SWL: osd_handler.c:2343:osd_object_ref_del()) ASSERTION( inode->i_nlink > 0 ) failed:

Details

    • Bug
    • Resolution: Duplicate
    • Critical
    • Lustre 2.4.0
    • Lustre 2.3.0
    • None
    • SWL Hyperion/LLNL
    • 3
    • 4375

    Description

      MDS crash dumped, attempting to locate dump at this time.
      Message from MDS:

      2012-09-16 11:35:57 LustreError: 5503:0:(osd_handler.c:2343:osd_object_ref_del()) ASSERTION( inode->i_nlink > 0 ) failed:
      2012-09-16 11:35:57 LustreError: 5503:0:(osd_handler.c:2343:osd_object_ref_del()) LBUG

      This looks like a possible dup of ORI-577, however that bug was supposed to have been fixed.

      MDS did not dump a stack, was configured with panic_on_lbug.
      Will attempt to replicate

      Attachments

        Activity

          [LU-1951] SWL: osd_handler.c:2343:osd_object_ref_del()) ASSERTION( inode->i_nlink > 0 ) failed:

          duplicate of LU-3022

          hongchao.zhang Hongchao Zhang added a comment - duplicate of LU-3022

          patch for master: http://review.whamcloud.com/4405
          port of http://review.whamcloud.com/#change,4197. Context too different to just be cherry picked directly.

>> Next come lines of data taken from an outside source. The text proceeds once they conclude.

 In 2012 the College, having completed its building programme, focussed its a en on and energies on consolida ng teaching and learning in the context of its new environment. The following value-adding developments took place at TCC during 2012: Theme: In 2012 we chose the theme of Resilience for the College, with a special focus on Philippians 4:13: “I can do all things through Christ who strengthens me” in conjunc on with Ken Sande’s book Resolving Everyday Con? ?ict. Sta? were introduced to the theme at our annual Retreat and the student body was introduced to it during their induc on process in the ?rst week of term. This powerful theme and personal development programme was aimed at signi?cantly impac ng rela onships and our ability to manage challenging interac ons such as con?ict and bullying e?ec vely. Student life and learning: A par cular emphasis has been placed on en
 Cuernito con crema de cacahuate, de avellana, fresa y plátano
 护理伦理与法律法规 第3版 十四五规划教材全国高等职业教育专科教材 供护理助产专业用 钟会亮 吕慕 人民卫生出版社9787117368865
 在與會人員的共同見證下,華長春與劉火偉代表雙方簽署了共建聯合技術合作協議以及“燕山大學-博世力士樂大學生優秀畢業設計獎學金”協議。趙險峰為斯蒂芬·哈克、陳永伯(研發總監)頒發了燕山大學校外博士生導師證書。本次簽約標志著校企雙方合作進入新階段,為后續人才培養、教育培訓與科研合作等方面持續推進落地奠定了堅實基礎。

          bogl Bob Glossman (Inactive) added a comment - patch for master: http://review.whamcloud.com/4405 port of http://review.whamcloud.com/#change,4197 . Context too different to just be cherry picked directly.

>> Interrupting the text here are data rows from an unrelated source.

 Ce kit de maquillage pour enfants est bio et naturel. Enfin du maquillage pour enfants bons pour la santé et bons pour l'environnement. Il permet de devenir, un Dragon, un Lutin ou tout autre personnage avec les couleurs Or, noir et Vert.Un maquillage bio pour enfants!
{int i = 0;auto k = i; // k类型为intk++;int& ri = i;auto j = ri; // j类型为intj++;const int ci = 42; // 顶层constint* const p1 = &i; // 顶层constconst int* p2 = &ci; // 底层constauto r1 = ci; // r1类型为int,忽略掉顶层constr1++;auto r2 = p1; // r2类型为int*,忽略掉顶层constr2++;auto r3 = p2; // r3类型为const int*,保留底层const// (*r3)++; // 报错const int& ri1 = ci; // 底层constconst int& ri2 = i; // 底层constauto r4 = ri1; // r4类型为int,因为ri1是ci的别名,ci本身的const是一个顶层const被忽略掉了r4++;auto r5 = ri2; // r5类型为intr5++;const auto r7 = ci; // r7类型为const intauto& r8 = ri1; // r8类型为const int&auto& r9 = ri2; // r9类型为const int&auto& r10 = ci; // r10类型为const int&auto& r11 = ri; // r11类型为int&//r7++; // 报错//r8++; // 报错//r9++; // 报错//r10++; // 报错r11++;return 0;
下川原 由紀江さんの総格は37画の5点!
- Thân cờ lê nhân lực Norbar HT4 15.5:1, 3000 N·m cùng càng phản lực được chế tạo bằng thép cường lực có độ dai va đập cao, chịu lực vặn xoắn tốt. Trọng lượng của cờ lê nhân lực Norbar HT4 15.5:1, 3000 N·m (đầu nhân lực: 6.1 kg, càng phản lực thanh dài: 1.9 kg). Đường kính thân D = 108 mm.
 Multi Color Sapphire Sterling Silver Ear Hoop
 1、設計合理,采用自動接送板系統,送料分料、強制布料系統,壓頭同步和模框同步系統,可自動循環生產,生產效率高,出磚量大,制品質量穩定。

          I think the problem fixed by review-4136 existed for long time (since 2.1), so probably it's not the reason of the crash here, but we should land it to master at least.

          liang Liang Zhen (Inactive) added a comment - I think the problem fixed by review-4136 existed for long time (since 2.1), so probably it's not the reason of the crash here, but we should land it to master at least.

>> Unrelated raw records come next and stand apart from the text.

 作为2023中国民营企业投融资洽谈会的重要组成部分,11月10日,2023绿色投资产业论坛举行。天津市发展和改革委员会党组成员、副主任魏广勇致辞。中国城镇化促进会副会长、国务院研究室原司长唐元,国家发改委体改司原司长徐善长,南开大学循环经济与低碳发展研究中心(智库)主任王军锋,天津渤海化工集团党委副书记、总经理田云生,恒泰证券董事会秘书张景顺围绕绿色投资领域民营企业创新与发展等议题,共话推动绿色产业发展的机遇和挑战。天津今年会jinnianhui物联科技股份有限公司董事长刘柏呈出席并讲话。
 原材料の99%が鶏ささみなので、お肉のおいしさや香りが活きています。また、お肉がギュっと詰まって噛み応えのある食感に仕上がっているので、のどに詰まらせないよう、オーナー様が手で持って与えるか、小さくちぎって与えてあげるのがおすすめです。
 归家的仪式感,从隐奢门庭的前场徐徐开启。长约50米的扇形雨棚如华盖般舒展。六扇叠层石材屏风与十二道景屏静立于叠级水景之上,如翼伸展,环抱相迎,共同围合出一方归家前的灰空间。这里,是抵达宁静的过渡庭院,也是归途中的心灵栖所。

          Liang, Oleg, what about http://review.whamcloud.com/4136? That patch didn't land to b2_3. Was that intended to fix the MDS crash, or is it a secondary problem that doesn't need to be fixed for 2.3.0?

          adilger Andreas Dilger added a comment - Liang, Oleg, what about http://review.whamcloud.com/4136? That patch didn't land to b2_3. Was that intended to fix the MDS crash, or is it a secondary problem that doesn't need to be fixed for 2.3.0?
          pjones Peter Jones added a comment -

          Dropping priority because landed for 2.3

          pjones Peter Jones added a comment - Dropping priority because landed for 2.3

          Liang, probably makes sense to set add CERROR() to see whether we hit this path.

          bzzz Alex Zhuravlev added a comment - Liang, probably makes sense to set add CERROR() to see whether we hit this path.

          I've posted another patch for this: http://review.whamcloud.com/#change,4197
          it should have fixed something but not sure if it can fix this bug.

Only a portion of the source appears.